The expected result is the full listing, retyped exactly, without a single picture.

## Data block
##############################

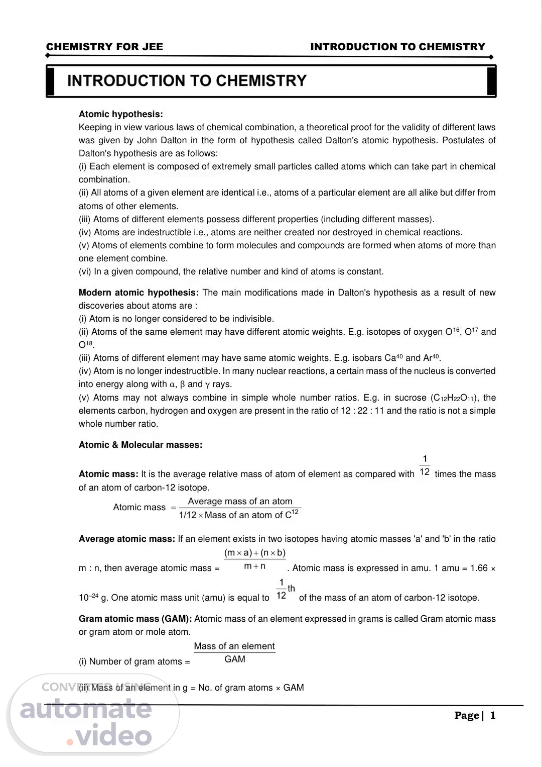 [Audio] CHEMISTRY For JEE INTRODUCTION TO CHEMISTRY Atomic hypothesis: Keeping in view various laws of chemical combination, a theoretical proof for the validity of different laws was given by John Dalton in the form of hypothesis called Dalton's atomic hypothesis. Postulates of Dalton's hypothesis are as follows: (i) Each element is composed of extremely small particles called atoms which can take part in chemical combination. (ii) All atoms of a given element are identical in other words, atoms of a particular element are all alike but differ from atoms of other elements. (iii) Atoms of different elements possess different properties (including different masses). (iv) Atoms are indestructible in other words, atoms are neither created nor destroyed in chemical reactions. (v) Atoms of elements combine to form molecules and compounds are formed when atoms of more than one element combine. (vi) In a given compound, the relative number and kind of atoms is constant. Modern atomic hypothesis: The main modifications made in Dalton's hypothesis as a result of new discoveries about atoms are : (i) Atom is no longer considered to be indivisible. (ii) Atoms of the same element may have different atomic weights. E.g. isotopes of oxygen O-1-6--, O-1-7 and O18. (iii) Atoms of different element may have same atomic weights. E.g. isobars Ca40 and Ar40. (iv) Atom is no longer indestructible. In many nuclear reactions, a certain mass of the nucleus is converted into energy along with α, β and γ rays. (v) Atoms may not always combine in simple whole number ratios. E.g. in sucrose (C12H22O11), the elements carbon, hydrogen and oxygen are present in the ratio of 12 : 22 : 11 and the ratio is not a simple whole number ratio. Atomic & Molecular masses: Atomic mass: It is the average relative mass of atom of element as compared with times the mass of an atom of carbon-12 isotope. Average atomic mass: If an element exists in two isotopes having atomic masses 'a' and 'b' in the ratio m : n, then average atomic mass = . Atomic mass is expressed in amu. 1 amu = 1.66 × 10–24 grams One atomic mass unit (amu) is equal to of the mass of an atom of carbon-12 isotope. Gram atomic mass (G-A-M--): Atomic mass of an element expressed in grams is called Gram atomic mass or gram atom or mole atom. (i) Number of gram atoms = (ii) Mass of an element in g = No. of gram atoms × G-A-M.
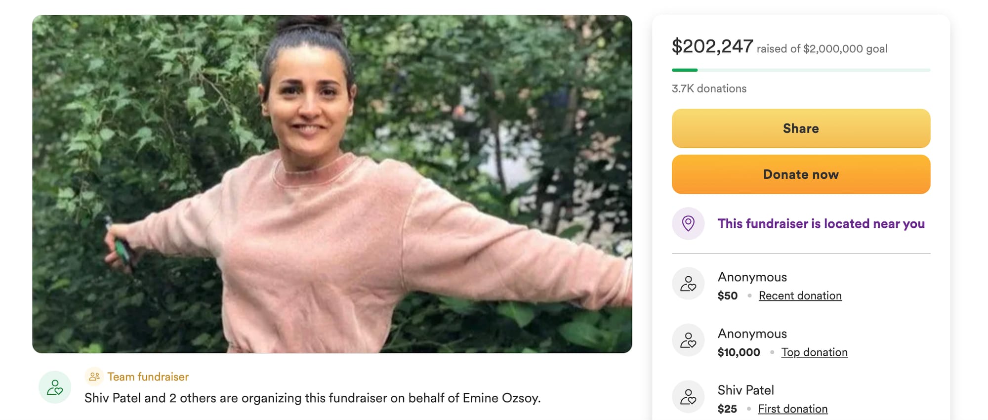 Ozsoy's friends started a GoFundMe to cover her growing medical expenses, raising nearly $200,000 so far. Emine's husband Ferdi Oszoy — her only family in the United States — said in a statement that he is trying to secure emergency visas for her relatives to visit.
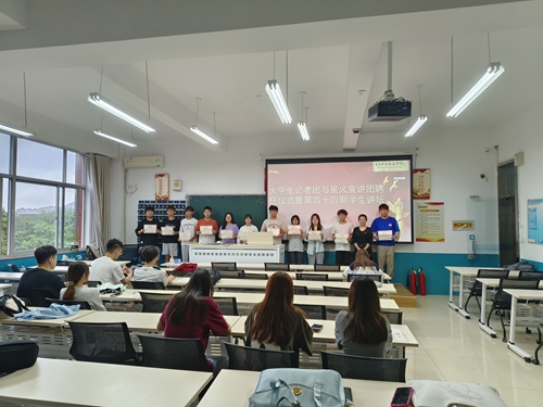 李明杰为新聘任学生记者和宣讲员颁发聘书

##############################

## Answer space
 [Audio] CHEMISTRY For JEE INTRODUCTION TO CHEMISTRY Atomic hypothesis: Keeping in view various laws of chemical combination, a theoretical proof for the validity of different laws was given by John Dalton in the form of hypothesis called Dalton's atomic hypothesis. Postulates of Dalton's hypothesis are as follows: (i) Each element is composed of extremely small particles called atoms which can take part in chemical combination. (ii) All atoms of a given element are identical in other words, atoms of a particular element are all alike but differ from atoms of other elements. (iii) Atoms of different elements possess different properties (including different masses). (iv) Atoms are indestructible in other words, atoms are neither created nor destroyed in chemical reactions. (v) Atoms of elements combine to form molecules and compounds are formed when atoms of more than one element combine. (vi) In a given compound, the relative number and kind of atoms is constant. Modern atomic hypothesis: The main modifications made in Dalton's hypothesis as a result of new discoveries about atoms are : (i) Atom is no longer considered to be indivisible. (ii) Atoms of the same element may have different atomic weights. E.g. isotopes of oxygen O-1-6--, O-1-7 and O18. (iii) Atoms of different element may have same atomic weights. E.g. isobars Ca40 and Ar40. (iv) Atom is no longer indestructible. In many nuclear reactions, a certain mass of the nucleus is converted into energy along with α, β and γ rays. (v) Atoms may not always combine in simple whole number ratios. E.g. in sucrose (C12H22O11), the elements carbon, hydrogen and oxygen are present in the ratio of 12 : 22 : 11 and the ratio is not a simple whole number ratio. Atomic & Molecular masses: Atomic mass: It is the average relative mass of atom of element as compared with times the mass of an atom of carbon-12 isotope. Average atomic mass: If an element exists in two isotopes having atomic masses 'a' and 'b' in the ratio m : n, then average atomic mass = . Atomic mass is expressed in amu. 1 amu = 1.66 × 10–24 grams One atomic mass unit (amu) is equal to of the mass of an atom of carbon-12 isotope. Gram atomic mass (G-A-M--): Atomic mass of an element expressed in grams is called Gram atomic mass or gram atom or mole atom. (i) Number of gram atoms = (ii) Mass of an element in g = No. of gram atoms × G-A-M.
 Ozsoy's friends started a GoFundMe to cover her growing medical expenses, raising nearly $200,000 so far. Emine's husband Ferdi Oszoy — her only family in the United States — said in a statement that he is trying to secure emergency visas for her relatives to visit.
 李明杰为新聘任学生记者和宣讲员颁发聘书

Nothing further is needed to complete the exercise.